Here's what I don't like about trail cams they really need to let human beings know that they are around my hanging a sign on a tree or something otherwise they're invading our privacy on public land, for instance what if I want to take a leak and one of those cans just happens to be where I'm at and I don't know it
Patrick Gragg These cams are 100% on my privately owned land. If one of my cams captures someone taking a leak on my property, I’m including it in the video!
Greetings from a fellow Alaskan! Love the footage. We live -- and fish, hunt and hike and everything else -- in the Susitna Valley as well. The diversity of wildlife encountered here is exactly what your trail cam picks up. How often do you see wolverines? Our trail cams never pick them up; rarely do we see them when in wildernesses, but every winter in the Chugach mountains front range north of Anchorage I tend to see at least one on the run.
Max McD So far no confirmed wolverines. Definitely on my wish list. We have an up close video from two winters ago that could be one but could be any else too.
@@TheFront40Alaska thanks for this reply, a good long look at a wolverine is a wish list entry for me too! May I ask if the video with the mystery critter is on your channel? I'd like to take a look.
@@TheFront40Alaska Wow, what footage! Very interesting and I'd say odds are extremely good that's a wolverine. They are very adept climbers and do their hunting from trees, so that would explain the lack of tracks, and this animal has some bulk to it so I think that rules out it being a pine martin or fisher, both of which are much smaller (fishers larger than martins but fishers spend more time on the ground than in trees), plus it has some white edging on the fur it would seem but maybe that's snow. Wolverines have white on their face, martins have white necks and fishers don't have any white fur. Wolverines are also known to have acute sense of smell so I assume that's what directed its attention, versus seeing the camera. Any idea if the camera emits a high frequency noise when it gets triggered? These noises cannot be heard by humans but animals can hear it. Trail camera footage is always so cool especially when it picks up an unexpected critter or something like this which presents a mystery
Itsme 23 Smart or not they need to eat everyday and eat lots. It so dimple : Set the trail cam by a source of food Set up cameras, film them eating yet everyone shows up but these beasts Not one unblurry video of one of the walking up and sticking their big sasquatch face and then fart like that big Moose did. Sorry there should be one vid by now or at least a dead one a skeleton no nothing what a load of crap.

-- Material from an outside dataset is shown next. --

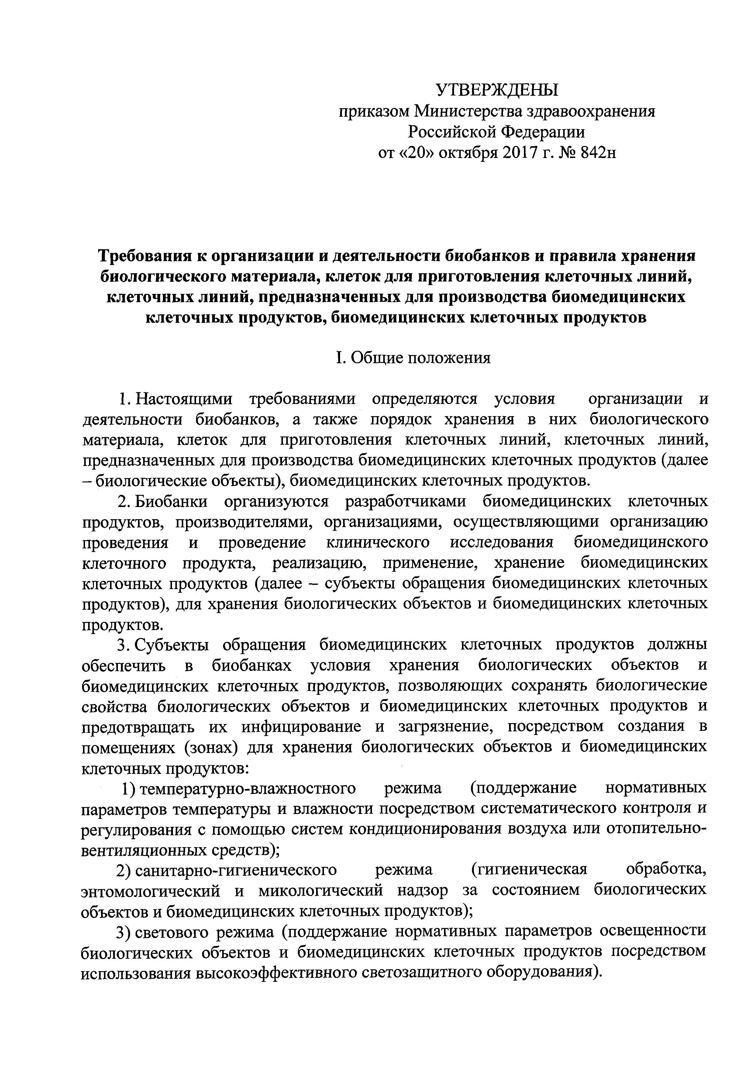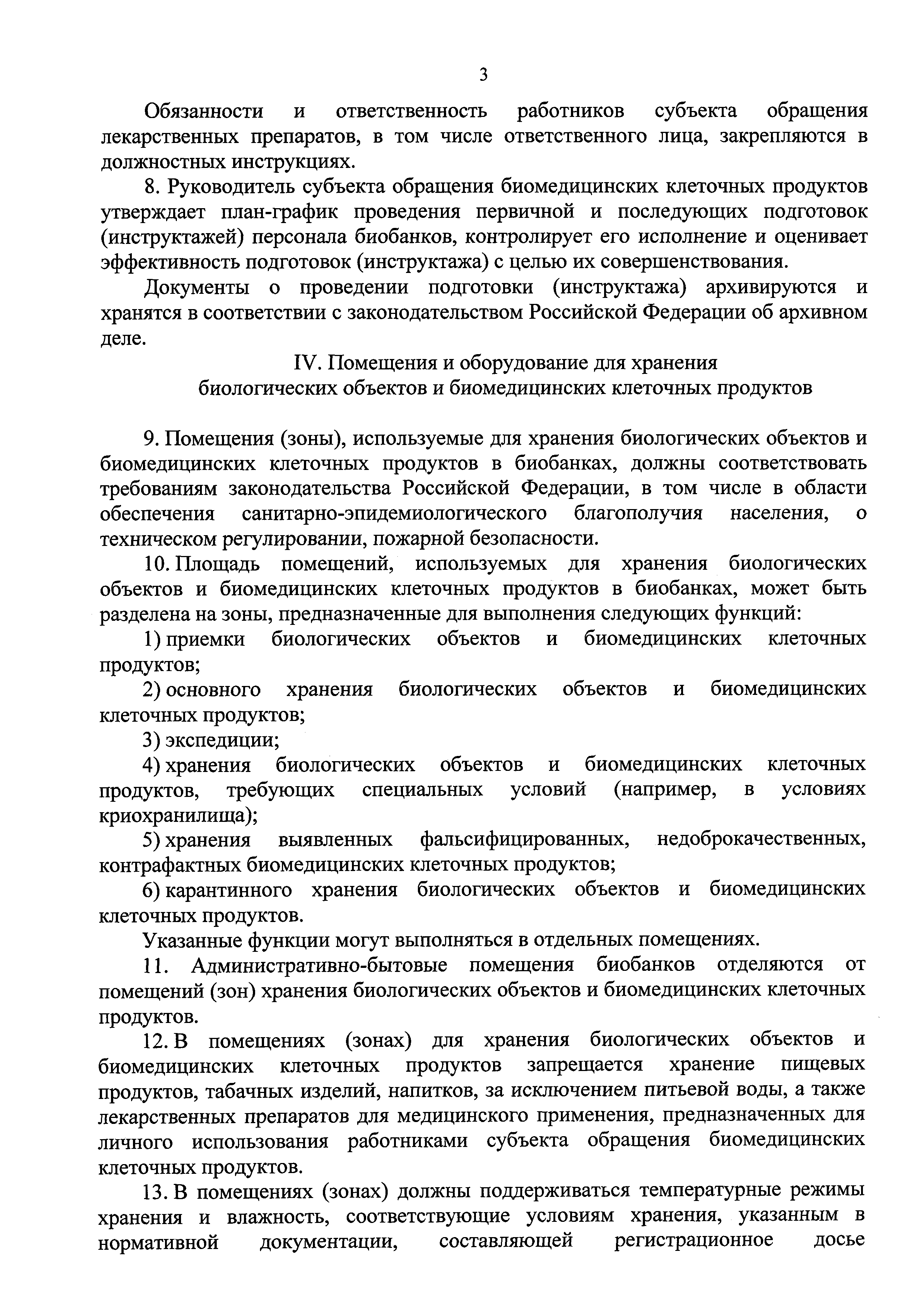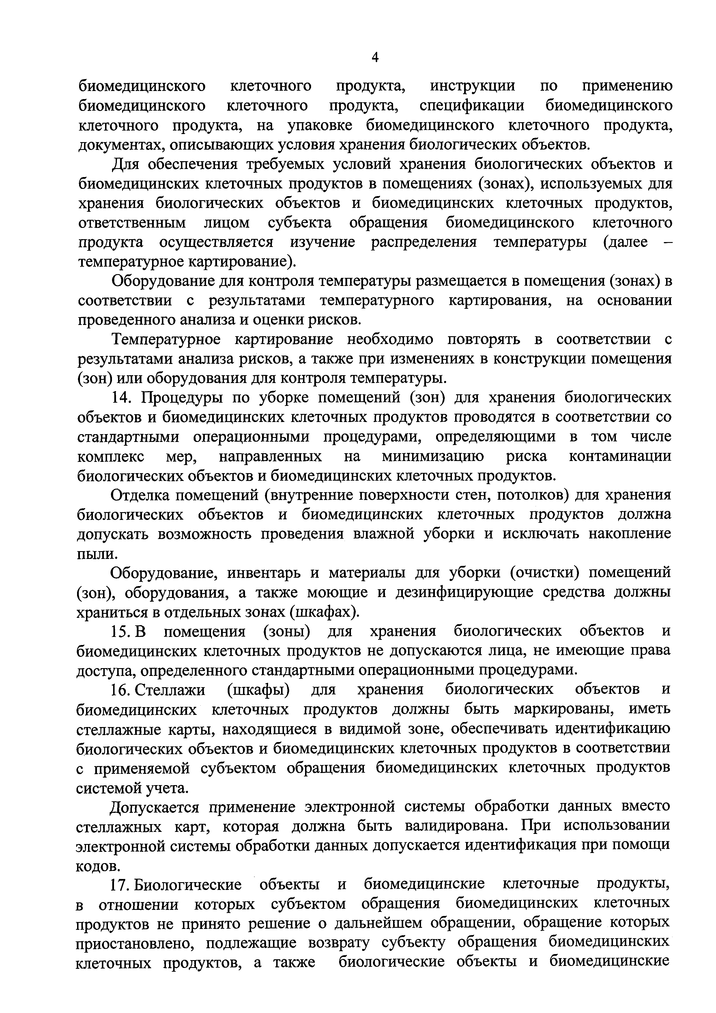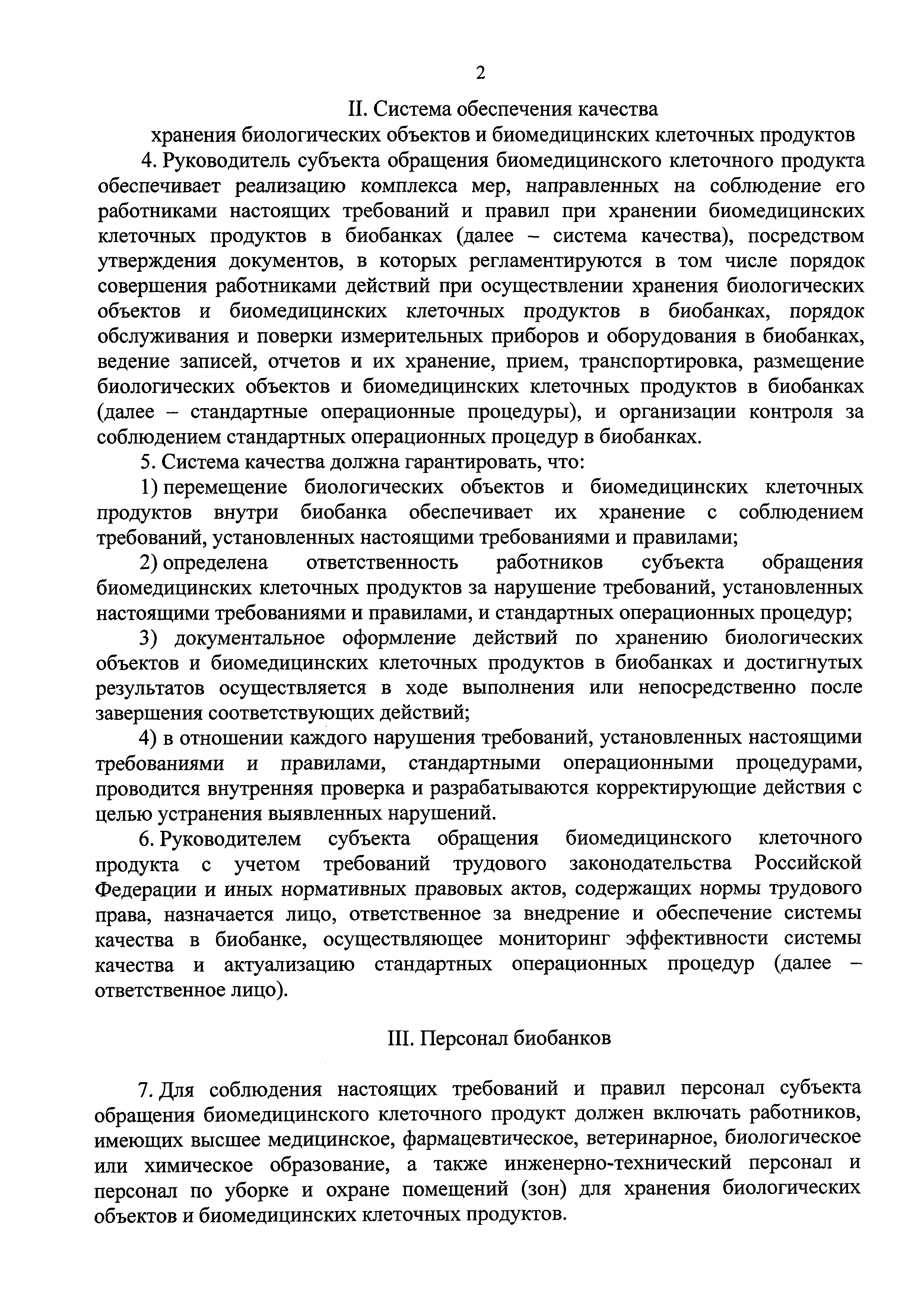 | Оглавление: | I. Общие положения II. Система обеспечения качества хранения биологических объектов и биомедицинских клеточных продуктов III. Персонал биобанков IV. Помещения и оборудование для хранения биологических объектов и биомедицинских клеточных продуктов V. Документы по хранению биологических объектов и биомедицинских клеточных продуктов в биобанках и действия субъекта обращения биомедицинских клеточных продуктов по хранению биологических объектов и биомедицинских клеточных продуктов в биобанках |

@@itsme2365 Something as big as an alleged bigfoot would need to be on the move and eating constantly and why hasn't one been hit by a car? Also everyone has a high definition camera phone but still no good video hmmmm ?
@@TheFront40Alaska Greetings from Ontario, new subscriber, love your videos! I am wondering, how long is your mosquito season and do the animals get diseases from the mosquitos? Good to know you don't have ticks, you're teaching us a lot!

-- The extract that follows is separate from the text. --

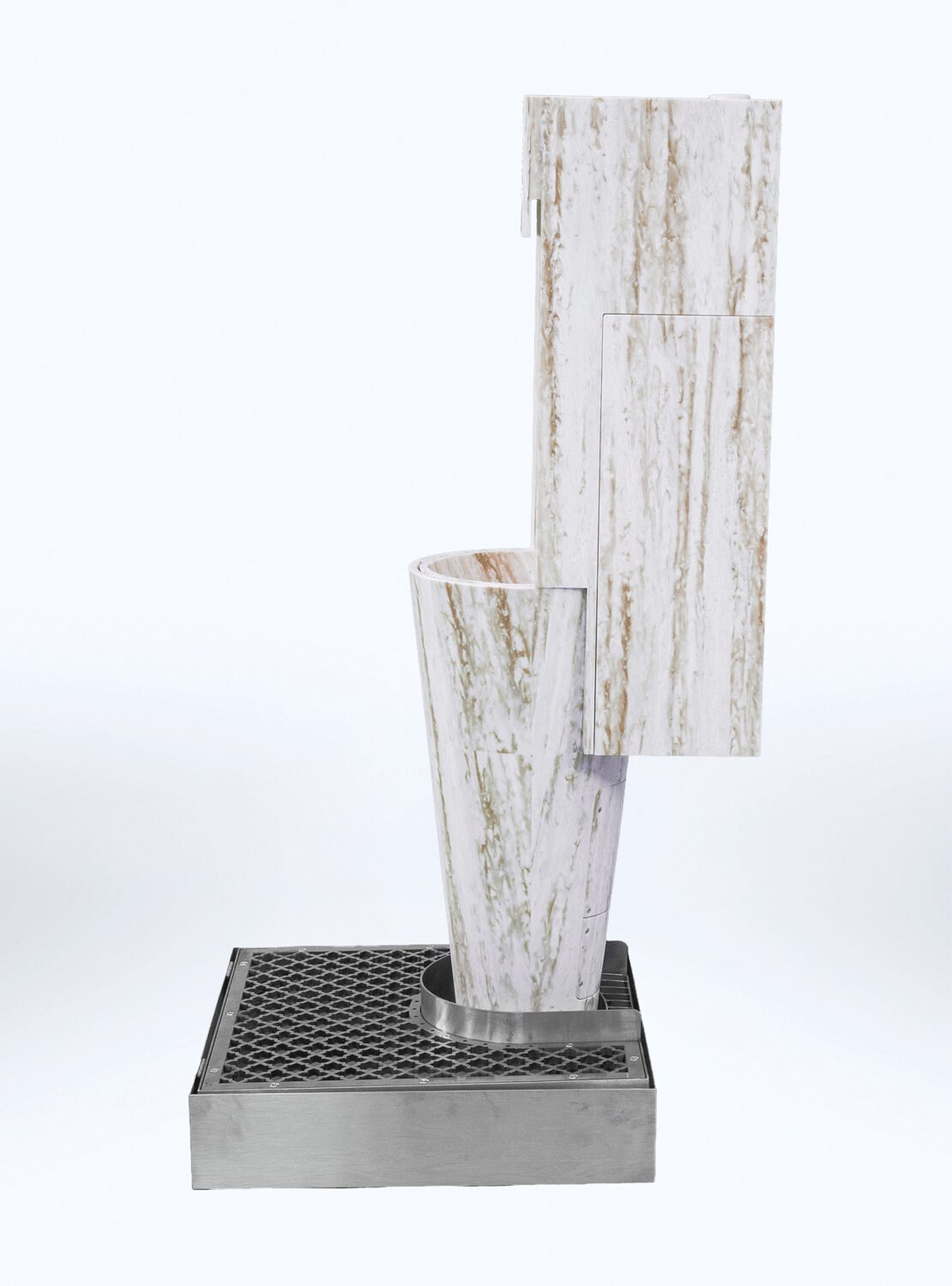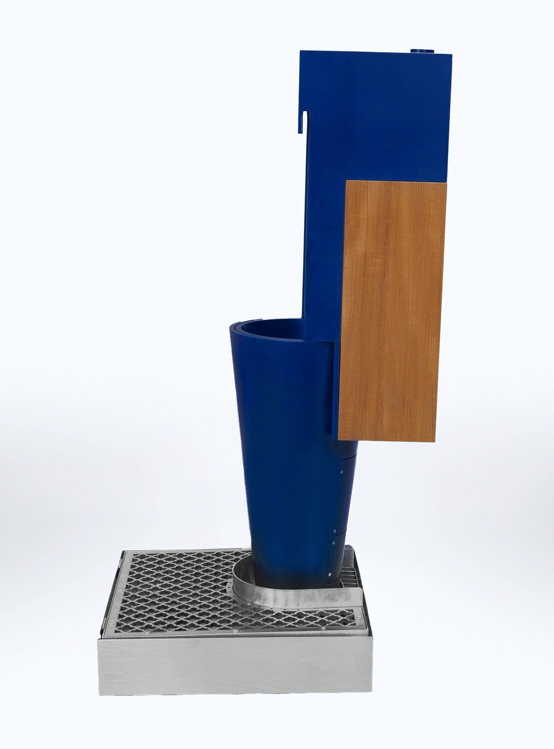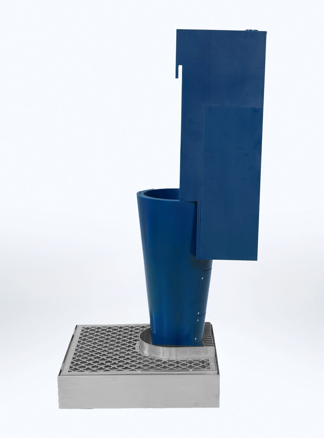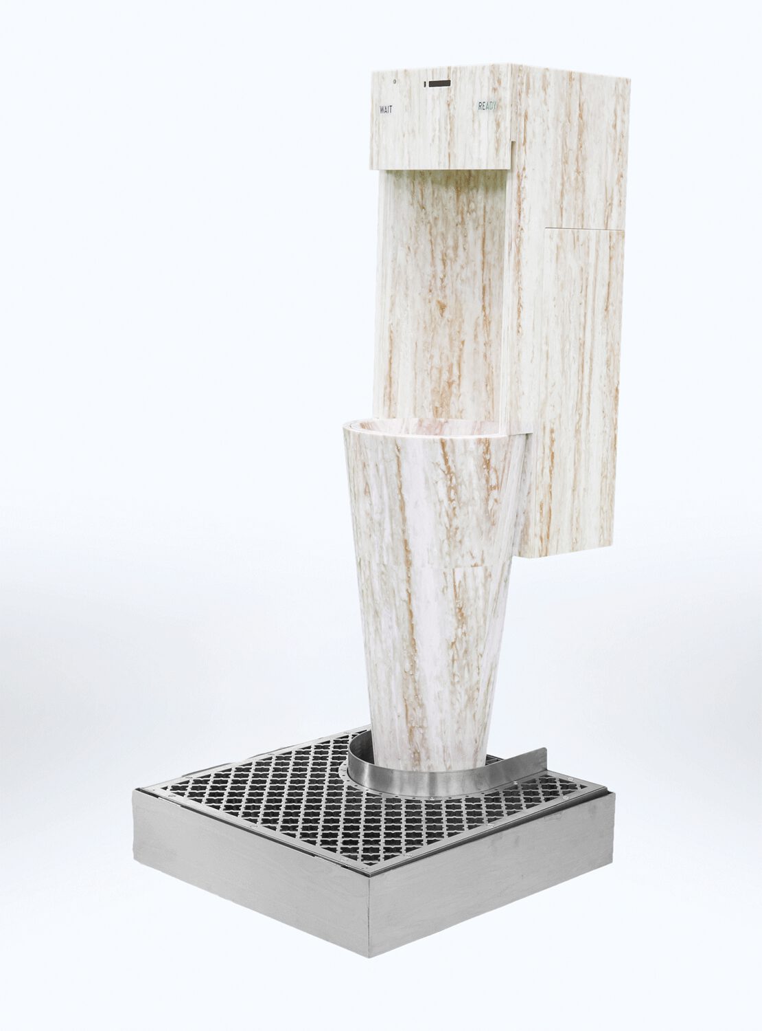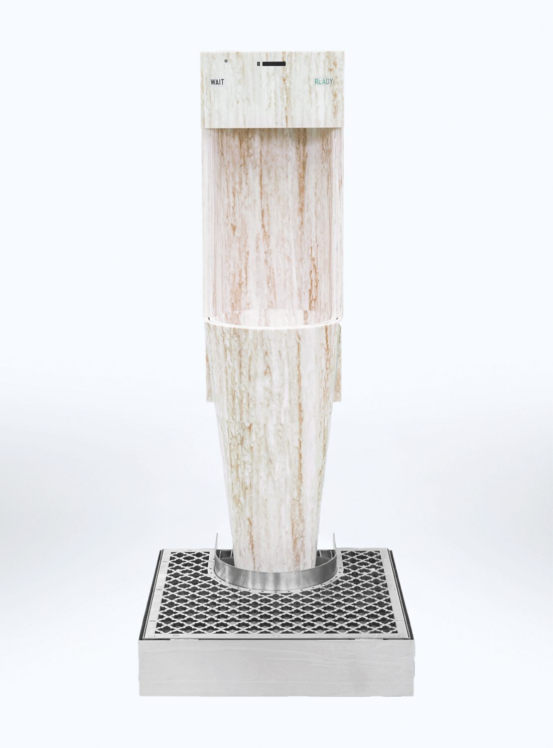 The grid at the base collects any splashes, which are conveyed into perfumed and sanitized water. Floor and user’s shoes are safe.

@@pheonixaerialphotography8749 Mosquitos come out as soon as the night time lows remain above freezing. We can still have snow on the ground and the mosquitos are out early Spring. They start getting scarce late August when it starts getting cool in the mornings. This morning it was 34 degrees. This afternoon I walked out into the swamp and only had one mosquito land on me.